Steps For Drawing Cumulative Frequency Curve (Less Than Type):

1. On the x-axis, take 1 cm as 5 units and plot age.

2. On the y-axis, take 1 cm as 5 units and plot frequency.

3. Plot the points with coordinates having abscissae as actual limits and ordinates as the cumulative frequencies. In this case (10,0),(20,17),(30,42),(40,67),(50,100).

4. Join the points plotted by a smooth curve.

[Diagram: A graph showing cumulative frequency curve (less than type) with age on x-axis (0 to 60) and cumulative frequency on y-axis (0 to 120). The curve starts at (10,0) and rises smoothly through points (20,17), (30,42), (40,67) to (50,100).]

Steps For Drawing Cumulative Frequency Curve (More Than Type):

1. Start with lower limits of class intervals and from cumulative frequency, subtract the frequency of each class to obtain c.f distribution.

2. Mark lower class limits along X-axis. 1cm = 5 units

3. Mark cumulative frequencies along Y-axis. 1 cm = 5 units

4. Plot points (x, f) where x is the lower limit of one class and f is the corresponding c.f. (10,188),(20,180),(30,155),(40,117),(50,67)

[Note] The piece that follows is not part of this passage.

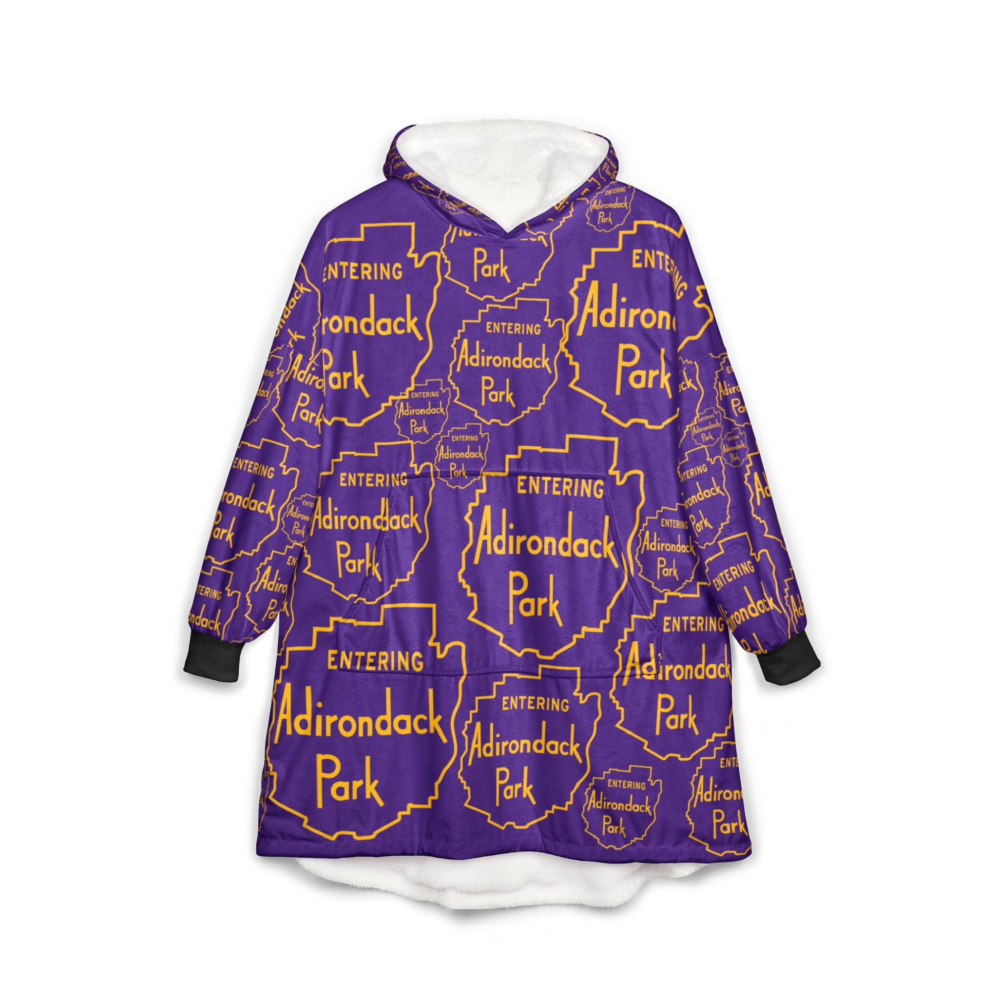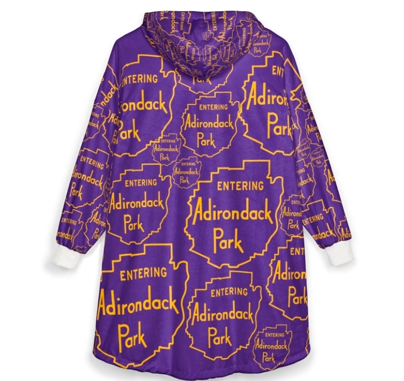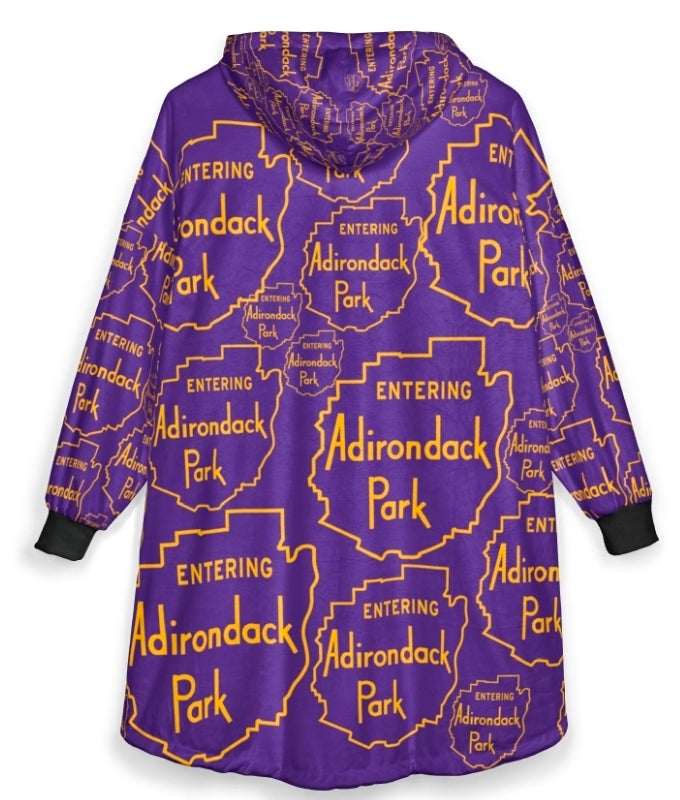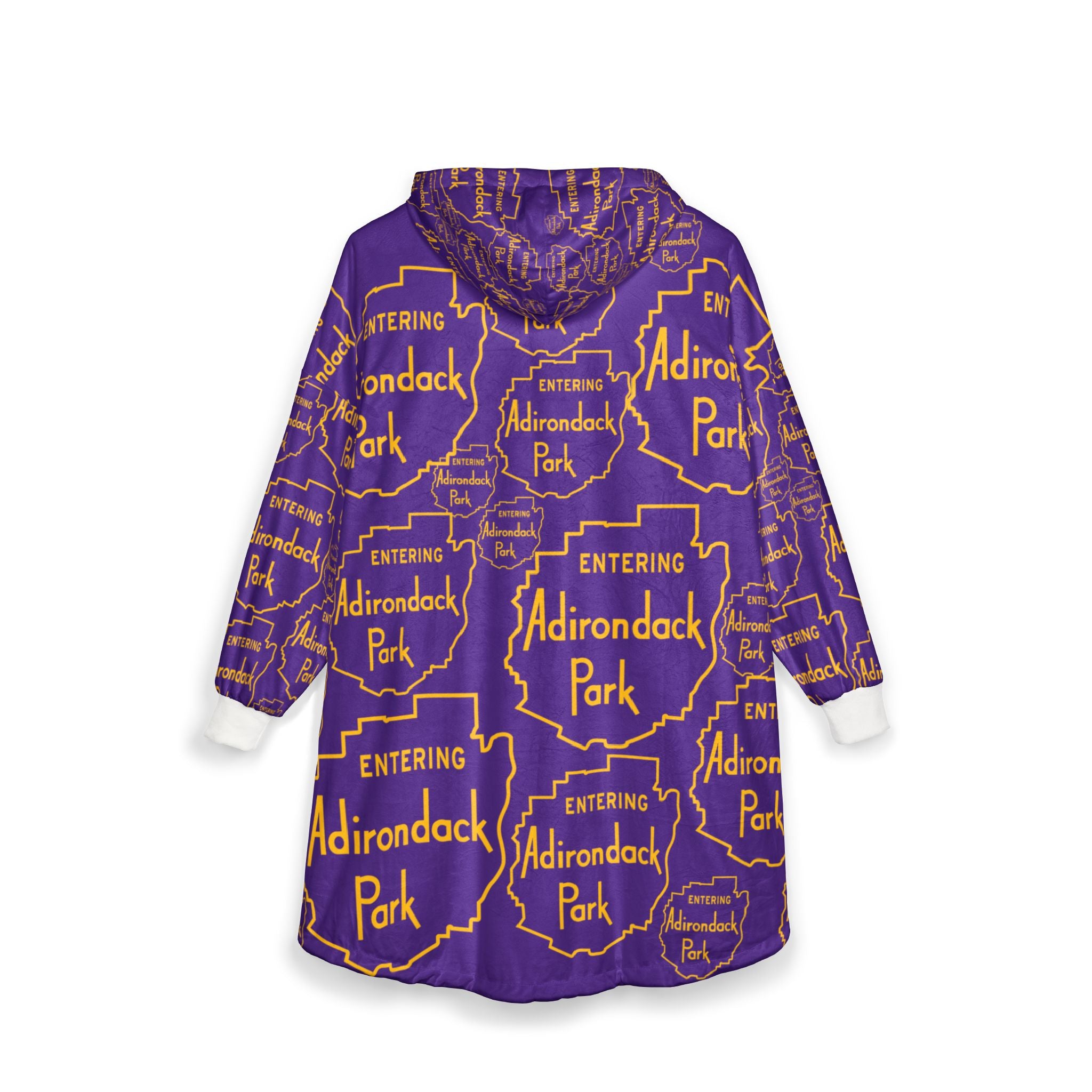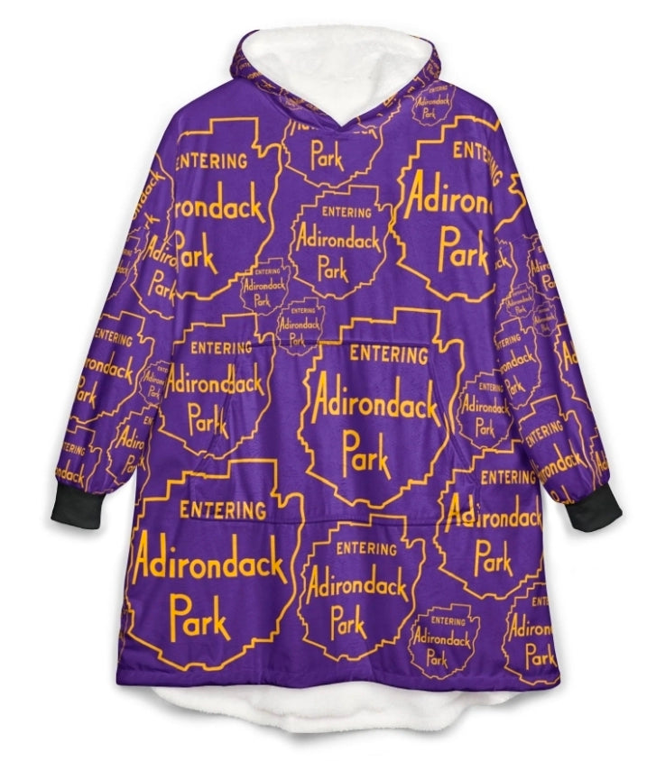 Wrap yourself in this Adirondack hooded blanket that reads like a well-worn trail map. Soft polyester fleece drapes easily over shoulders, the roomy kangaroo pocket holding snacks, a phone, or cold hands. The warm ochre print repeats a nostalgic “Entering Adirondack Park” motif—subtle, familiar, and quietly adventurous.

5. Join the points to get the ogive.

[Diagram: A graph showing cumulative frequency curve (more than type) with marks more than on x-axis (0 to 60) and cumulative frequency on y-axis (0 to 200). The curve starts at (10,188) and decreases smoothly through points (20,180), (30,155), (40,117) to (50,67).]

Steps:

1. Start with lower limits of class intervals and from cumulative frequency, subtract the frequency of each class to obtain c.f distribution.

2. Mark lower class limits along X-axis. 1cm = 5 units

3. Mark cumulative frequencies along Y-axis. 1 cm = 5 units

4. Plot points ( x, f) where x is the lower limit of one class and f is the corresponding c.f. (0,100),(10,87),(20,65),(30,55),(40,42),(50,36),(60,31),(70,21),(80,18), (90,7),(100,0).

5. Join the points to get the ogive.

[Diagram: A graph showing cumulative frequency curve (more than type) with marks more than on x-axis (0 to 120) and cumulative frequency on y-axis (0 to 120). The curve starts at (0,100) and decreases smoothly through all the plotted points to (100,0).]